Other Inference-time Methods: VCD, OPERA, and other contrastive decoding or iterative correction methods have higher overhead. Training-based methods like HACL require retraining. AFTER falls into the "low overhead + portable" category.
Insights: The fact textualization approach can be extended to other scenarios where priors override evidence (e.g., language priors in VQA, layout priors in document understanding).
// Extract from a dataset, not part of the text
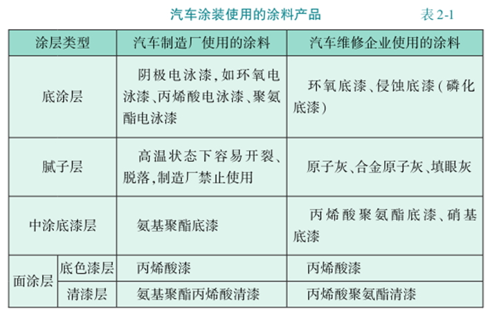 2.汽车涂料:制造涂装与维修涂装所选用的涂料区别

The "general vector + lightweight estimator for offset" is a universal paradigm for upgrading static interventions to input-adaptive ones, which is valuable for future representation engineering research.

Rating¶

Novelty: ⭐⭐⭐⭐ — First systematic introduction of positive fact guidance in activation editing with query-adaptive offsets via a lightweight estimator.
Experimental Thoroughness: ⭐⭐⭐⭐ — Covers POPE/MME/AMBER benchmarks, three LVLMs, and both discriminative/generative tasks with ablation and cross-distribution tests.
Writing Quality: ⭐⭐⭐⭐ — Logical flow from motivation to method is smooth; Figure 2 and equations are well-aligned.
Value: ⭐⭐⭐⭐ — High reference value for deploying LVLMs with suppressed hallucinations due to its low cost, portability, and lack of harm to general abilities. The main constraint is the reliance on dense annotations.